Exercise goal: The first line of the entries and each line after it, through the one that contains "Kesuma unggul dengan", are to be duplicated exactly; no picture belongs in the copy.

Data to use:
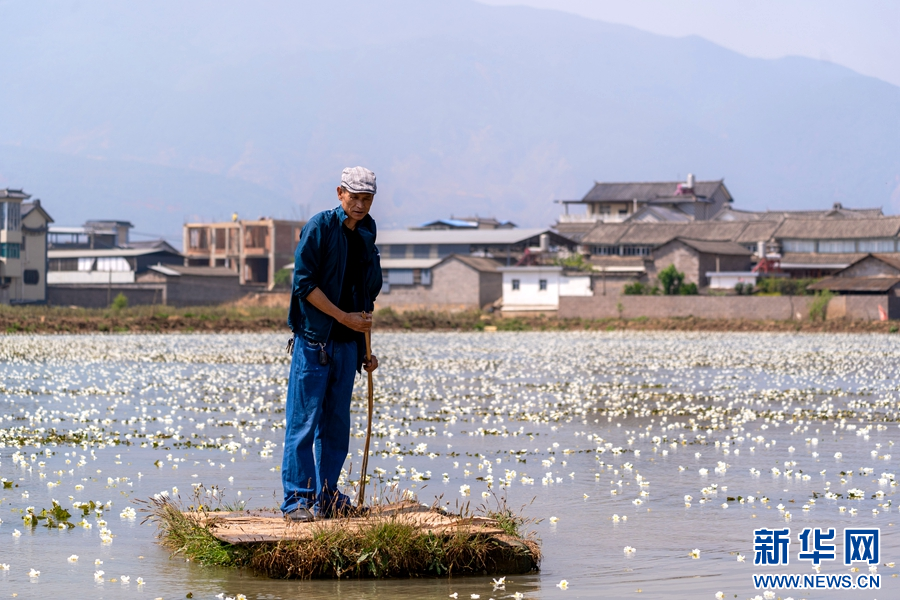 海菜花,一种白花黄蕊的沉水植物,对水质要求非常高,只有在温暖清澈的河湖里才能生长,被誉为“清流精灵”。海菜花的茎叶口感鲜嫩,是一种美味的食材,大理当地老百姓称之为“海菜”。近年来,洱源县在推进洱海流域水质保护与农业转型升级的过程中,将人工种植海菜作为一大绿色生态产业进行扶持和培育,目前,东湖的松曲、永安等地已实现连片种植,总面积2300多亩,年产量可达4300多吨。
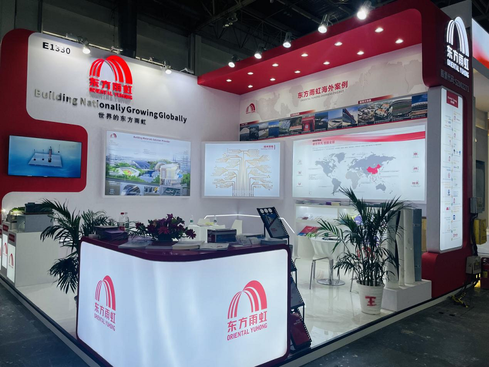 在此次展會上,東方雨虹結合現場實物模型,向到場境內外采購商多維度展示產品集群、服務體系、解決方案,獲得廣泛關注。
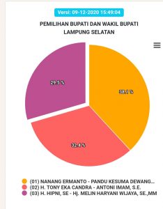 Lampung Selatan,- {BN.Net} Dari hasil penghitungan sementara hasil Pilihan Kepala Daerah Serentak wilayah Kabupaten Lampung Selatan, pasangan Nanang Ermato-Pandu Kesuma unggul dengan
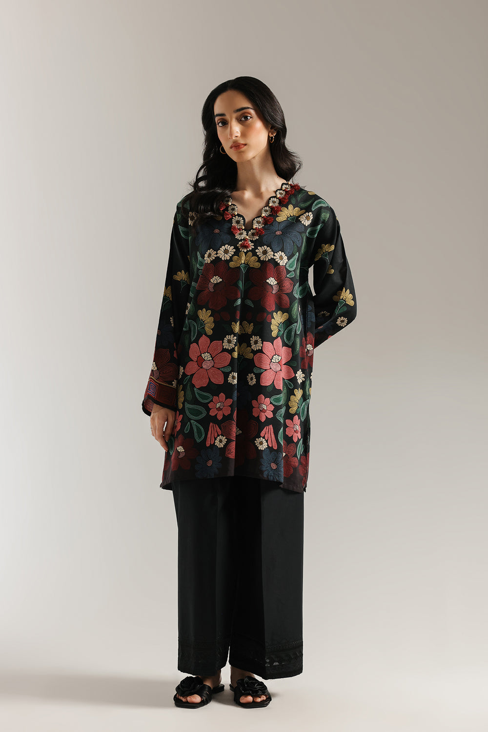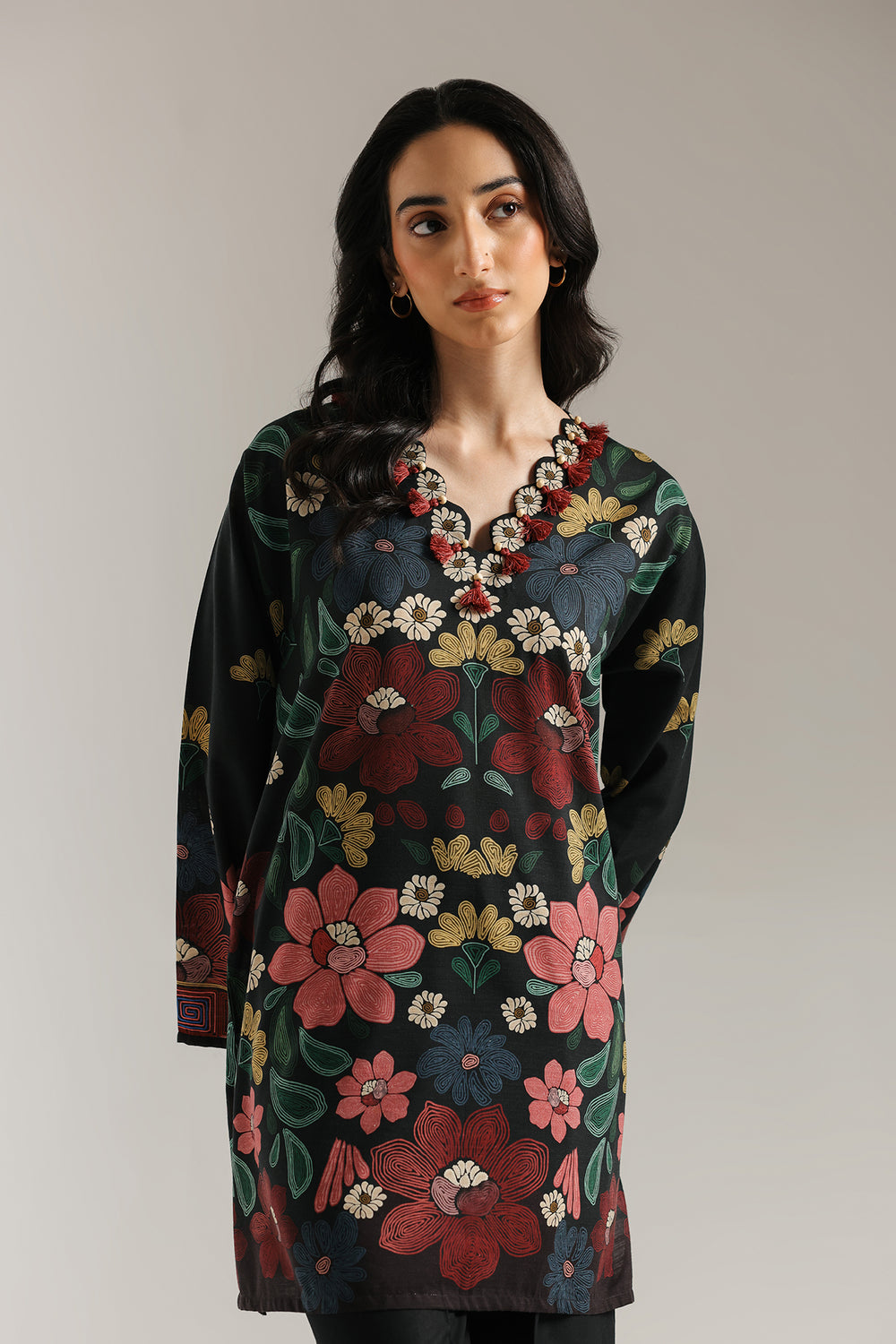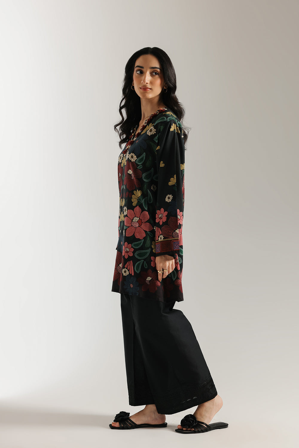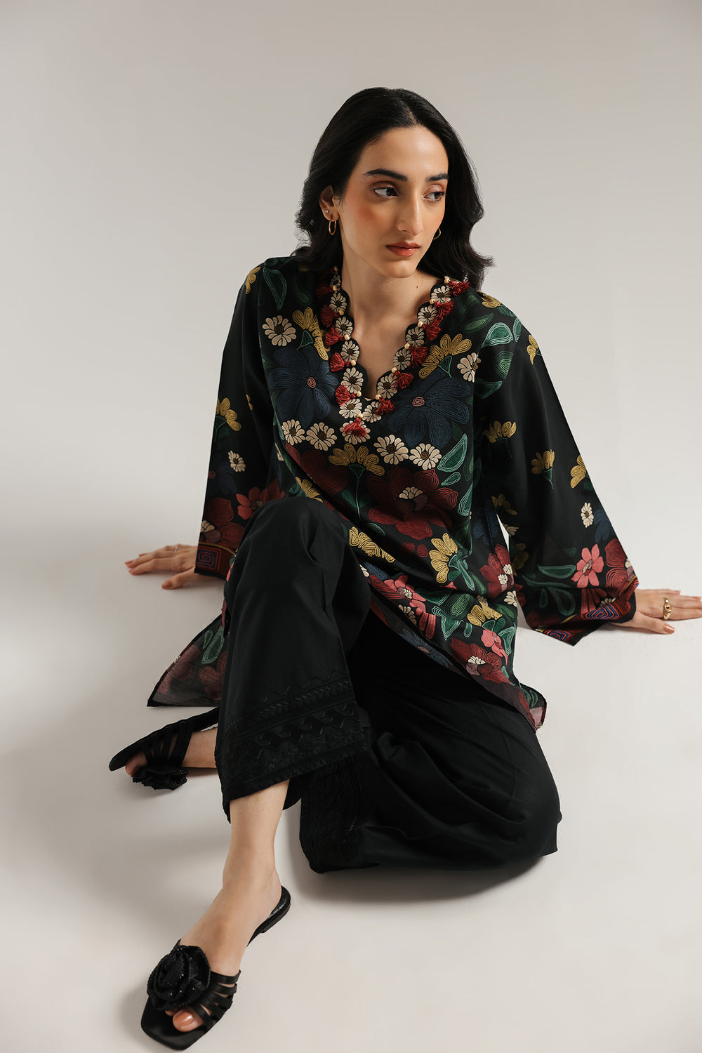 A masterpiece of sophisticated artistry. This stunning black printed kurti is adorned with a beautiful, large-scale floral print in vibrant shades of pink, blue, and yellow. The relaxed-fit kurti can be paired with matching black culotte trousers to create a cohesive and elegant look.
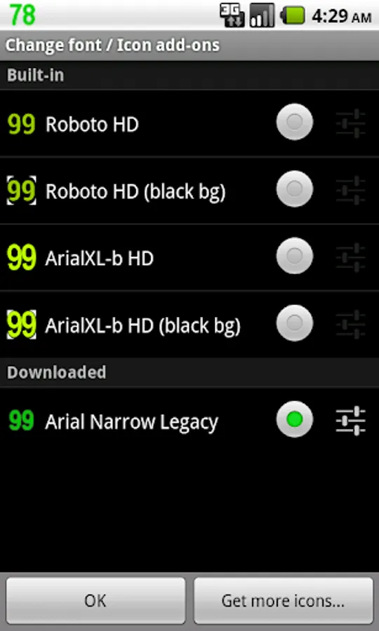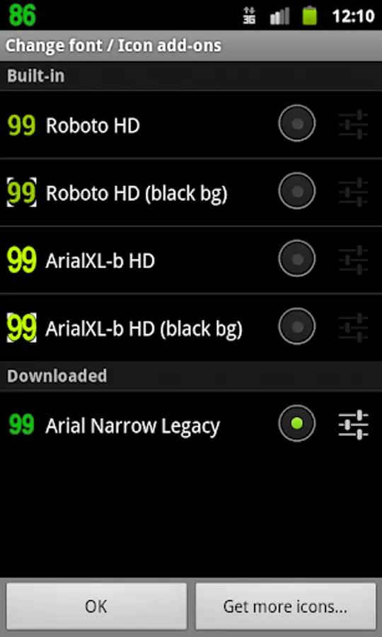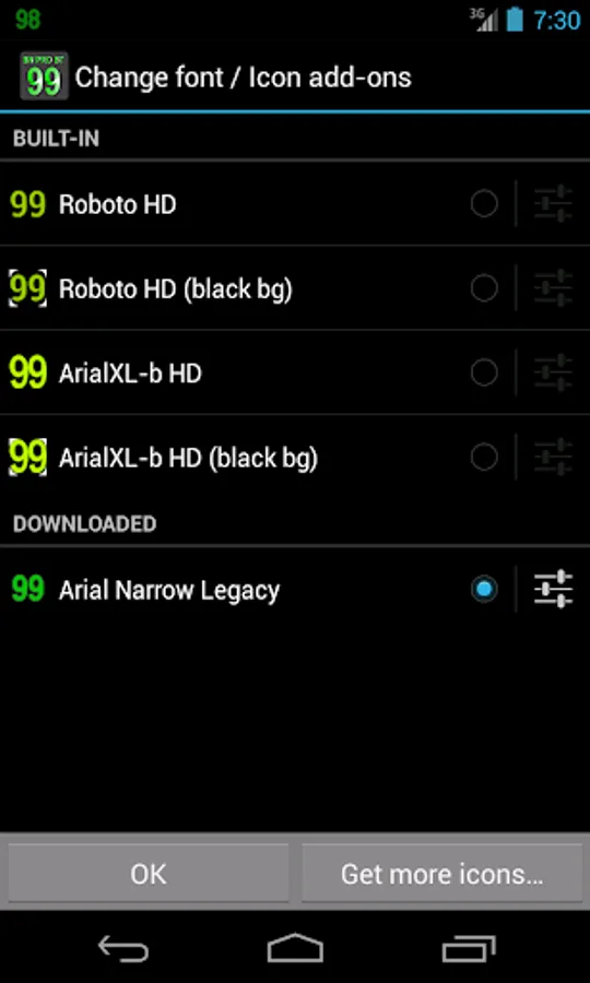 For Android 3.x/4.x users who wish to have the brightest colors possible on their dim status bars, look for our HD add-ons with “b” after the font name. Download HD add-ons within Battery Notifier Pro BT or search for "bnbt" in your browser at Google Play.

Exercise response:
 海菜花,一种白花黄蕊的沉水植物,对水质要求非常高,只有在温暖清澈的河湖里才能生长,被誉为“清流精灵”。海菜花的茎叶口感鲜嫩,是一种美味的食材,大理当地老百姓称之为“海菜”。近年来,洱源县在推进洱海流域水质保护与农业转型升级的过程中,将人工种植海菜作为一大绿色生态产业进行扶持和培育,目前,东湖的松曲、永安等地已实现连片种植,总面积2300多亩,年产量可达4300多吨。
 在此次展會上,東方雨虹結合現場實物模型,向到場境內外采購商多維度展示產品集群、服務體系、解決方案,獲得廣泛關注。
 Lampung Selatan,- {BN.Net} Dari hasil penghitungan sementara hasil Pilihan Kepala Daerah Serentak wilayah Kabupaten Lampung Selatan, pasangan Nanang Ermato-Pandu Kesuma unggul dengan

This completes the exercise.